──────── Dataset records

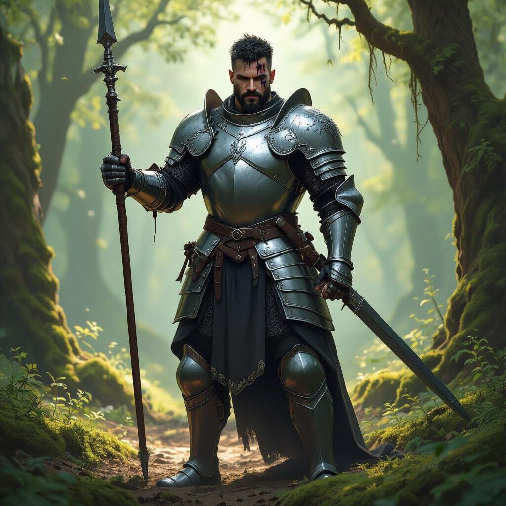 A hyperrealistic digital painting of a human warrior in full plate armor holding a lance in a sun-dappled forest. The art style is dramatic and high-contrast.
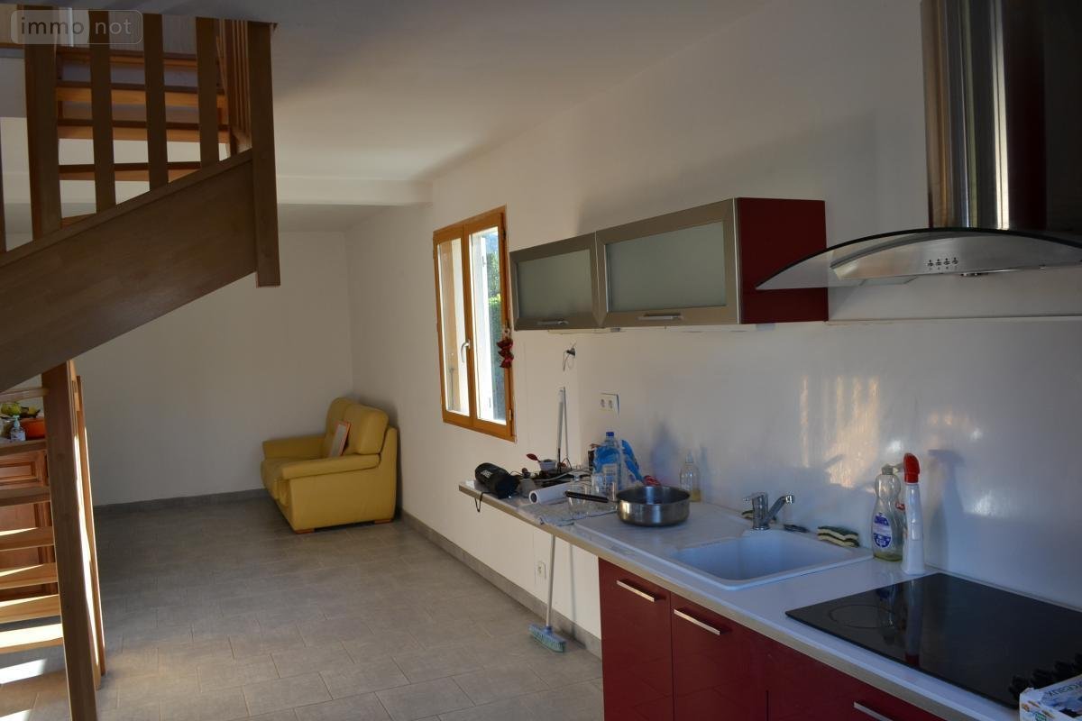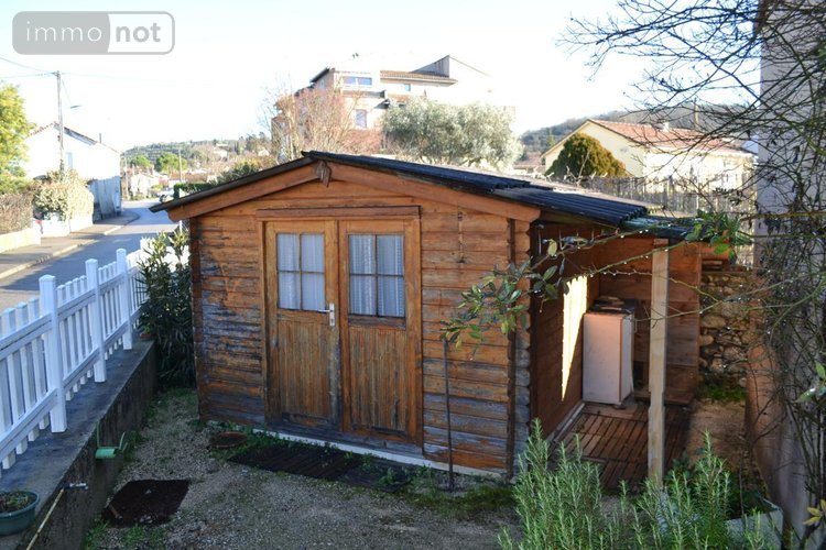A vendre à Ruoms, Ardèche (07) - Une maison individuelle construite en 2014 avec terrain attenant de 315 m² - Située au coeur du village à proximité des commerces - Chalet en bois - Terrain clos - Tout à l'égout - Surface habitable : 61 m² - Rez-de-chaussée : Hall d'entrée 5 m², Cuisine/Séjour 23,90 m², Chambre 12,30 m², WC indépendant 1 m², Salle d'eau 3,50 m² - Etage : Chambre en mezzanine 15,40 m²
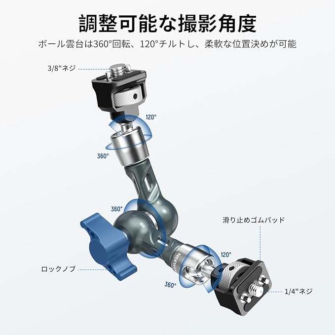 【360 回転&120 チルト】マジックアームカメラマウントは、各関節式アームにUノッチ付きのボールヘッドを搭載しており、360 回転と120 チルトが可能です。大型レバーで任意の角度に固定できるため、安定性と正確な位置決めを実現します。
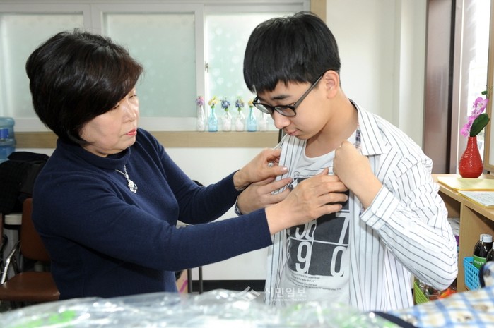 서울 송파구는 학부모들의 경제적 부담을 덜고 자원 재활용과 나눔의 의미를 확산하기 위해 ‘나눔교복매장’을 상설 운영하고 있다. 사진은 지난 23일 나눔교복매장을 방문한 한 모자가 교복을 고르는 모습.(사진제공=송파구청)
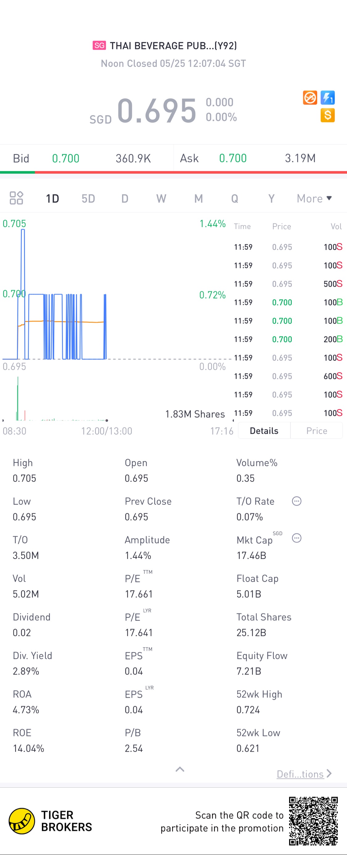 $THAI BEVERAGE PUBLIC CO LTD(Y92.SI)$

────────────────

_Your objective_
Please output each line above exactly and omit all images.

_Answer for the task_
 A hyperrealistic digital painting of a human warrior in full plate armor holding a lance in a sun-dappled forest. The art style is dramatic and high-contrast.
A vendre à Ruoms, Ardèche (07) - Une maison individuelle construite en 2014 avec terrain attenant de 315 m² - Située au coeur du village à proximité des commerces - Chalet en bois - Terrain clos - Tout à l'égout - Surface habitable : 61 m² - Rez-de-chaussée : Hall d'entrée 5 m², Cuisine/Séjour 23,90 m², Chambre 12,30 m², WC indépendant 1 m², Salle d'eau 3,50 m² - Etage : Chambre en mezzanine 15,40 m²
 【360 回転&120 チルト】マジックアームカメラマウントは、各関節式アームにUノッチ付きのボールヘッドを搭載しており、360 回転と120 チルトが可能です。大型レバーで任意の角度に固定できるため、安定性と正確な位置決めを実現します。
 서울 송파구는 학부모들의 경제적 부담을 덜고 자원 재활용과 나눔의 의미를 확산하기 위해 ‘나눔교복매장’을 상설 운영하고 있다. 사진은 지난 23일 나눔교복매장을 방문한 한 모자가 교복을 고르는 모습.(사진제공=송파구청)
 $THAI BEVERAGE PUBLIC CO LTD(Y92.SI)$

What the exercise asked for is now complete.